- **Provided data**:
[Start of Attachment]
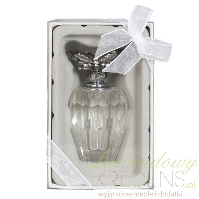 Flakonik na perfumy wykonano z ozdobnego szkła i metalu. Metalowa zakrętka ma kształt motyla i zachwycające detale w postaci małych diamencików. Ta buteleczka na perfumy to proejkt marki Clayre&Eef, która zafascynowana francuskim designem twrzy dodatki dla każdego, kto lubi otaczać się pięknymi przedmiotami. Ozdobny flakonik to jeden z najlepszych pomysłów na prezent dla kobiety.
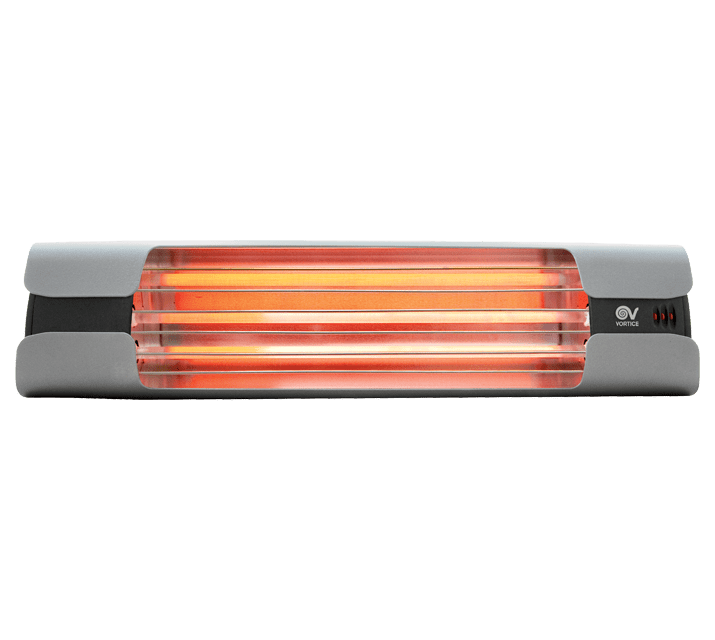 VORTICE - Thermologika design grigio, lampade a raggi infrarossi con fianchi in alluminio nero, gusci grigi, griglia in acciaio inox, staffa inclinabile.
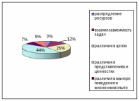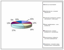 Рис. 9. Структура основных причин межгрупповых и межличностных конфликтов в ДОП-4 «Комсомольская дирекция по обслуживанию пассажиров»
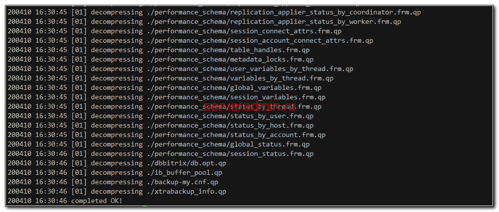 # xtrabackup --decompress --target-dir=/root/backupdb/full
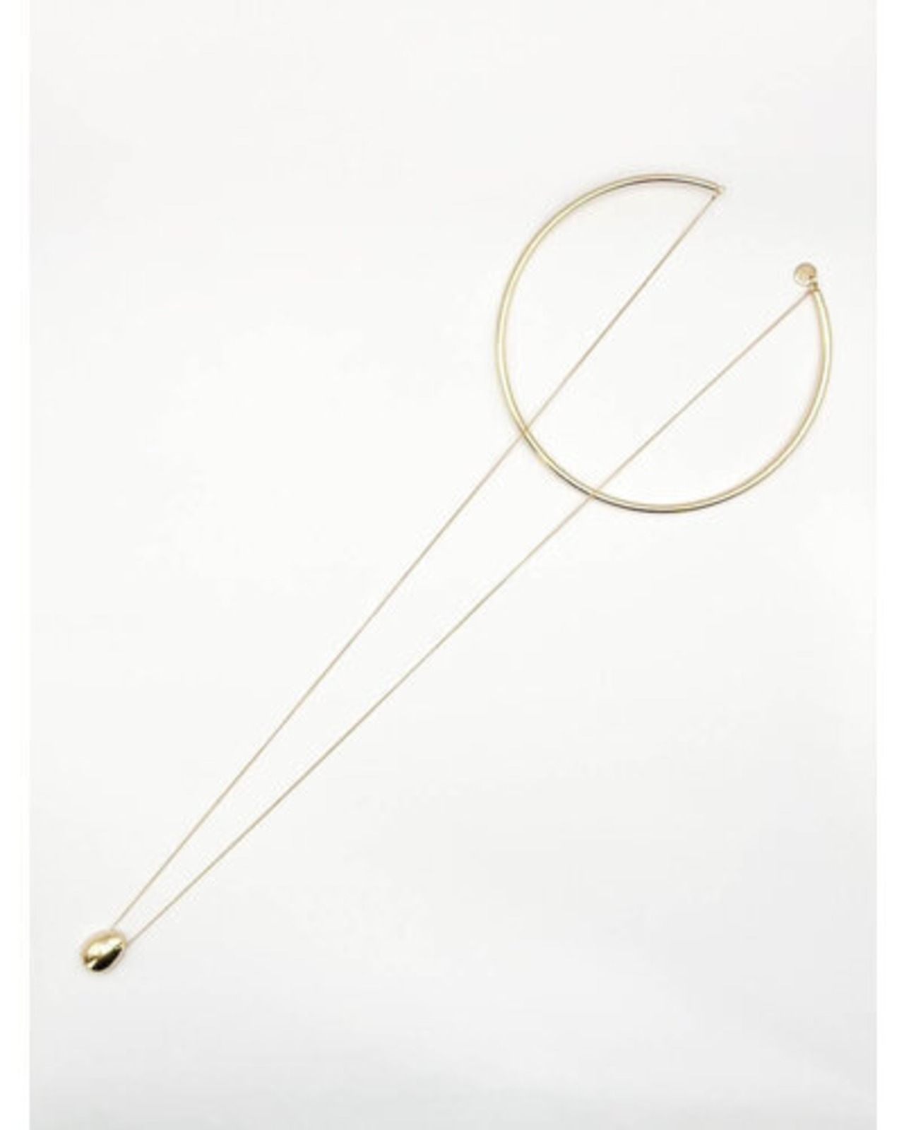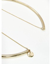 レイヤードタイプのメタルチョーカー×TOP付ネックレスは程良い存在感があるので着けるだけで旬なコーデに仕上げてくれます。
[End of Attachment]
[Start of Attachment]
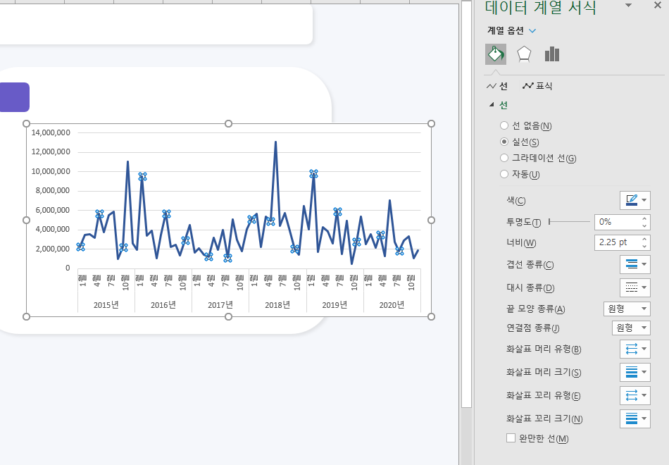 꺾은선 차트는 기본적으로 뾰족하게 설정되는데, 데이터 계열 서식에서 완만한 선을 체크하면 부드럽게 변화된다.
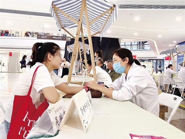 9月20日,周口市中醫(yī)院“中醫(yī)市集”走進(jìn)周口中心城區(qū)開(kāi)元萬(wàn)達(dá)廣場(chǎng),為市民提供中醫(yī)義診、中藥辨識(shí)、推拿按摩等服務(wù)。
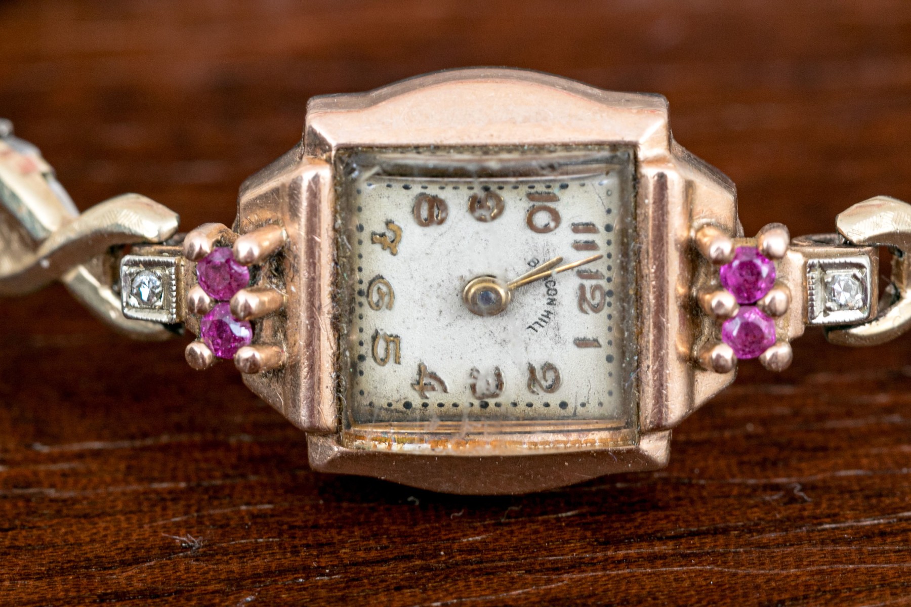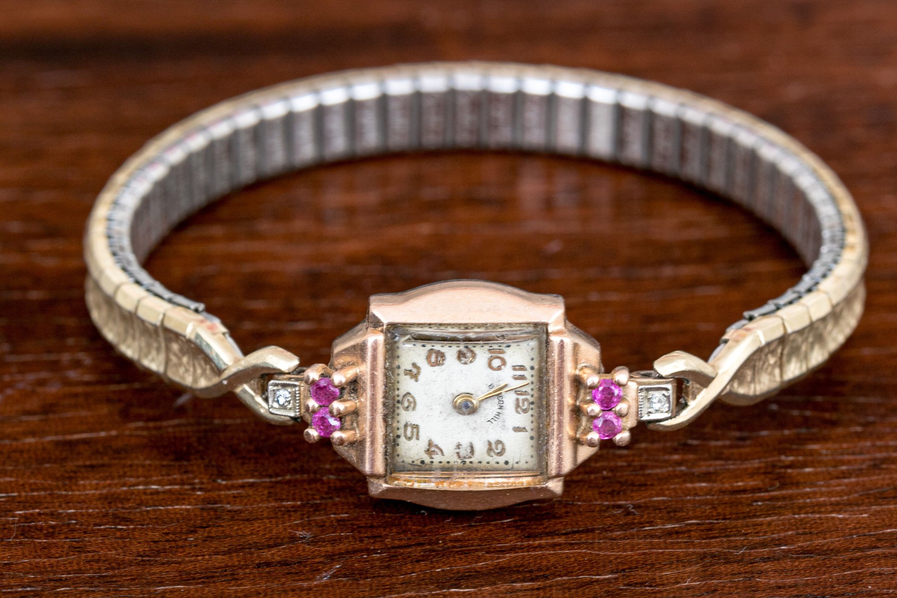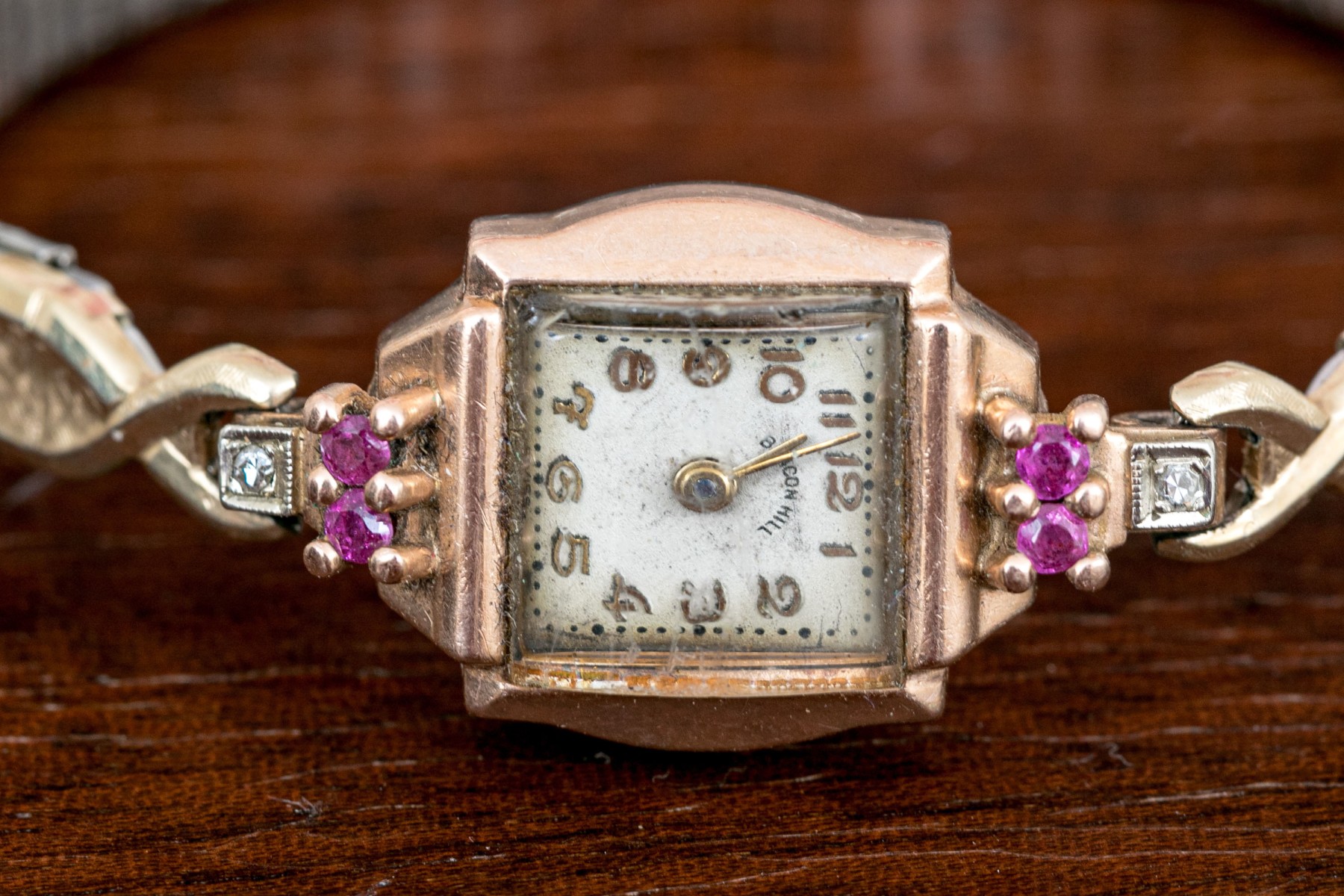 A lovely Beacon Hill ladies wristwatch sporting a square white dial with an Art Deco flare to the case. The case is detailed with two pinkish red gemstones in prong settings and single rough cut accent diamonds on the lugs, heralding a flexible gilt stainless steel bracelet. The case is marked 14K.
[End of Attachment]
- **Try it**: Output exactly the lines above, beginning at the one with "꺾은선 차트는 기본적으로" and stopping after the one with "A lovely Beacon". Pictures are to be omitted.

- **Your solution**:
 꺾은선 차트는 기본적으로 뾰족하게 설정되는데, 데이터 계열 서식에서 완만한 선을 체크하면 부드럽게 변화된다.
 9月20日,周口市中醫(yī)院“中醫(yī)市集”走進(jìn)周口中心城區(qū)開(kāi)元萬(wàn)達(dá)廣場(chǎng),為市民提供中醫(yī)義診、中藥辨識(shí)、推拿按摩等服務(wù)。
 A lovely Beacon Hill ladies wristwatch sporting a square white dial with an Art Deco flare to the case. The case is detailed with two pinkish red gemstones in prong settings and single rough cut accent diamonds on the lugs, heralding a flexible gilt stainless steel bracelet. The case is marked 14K.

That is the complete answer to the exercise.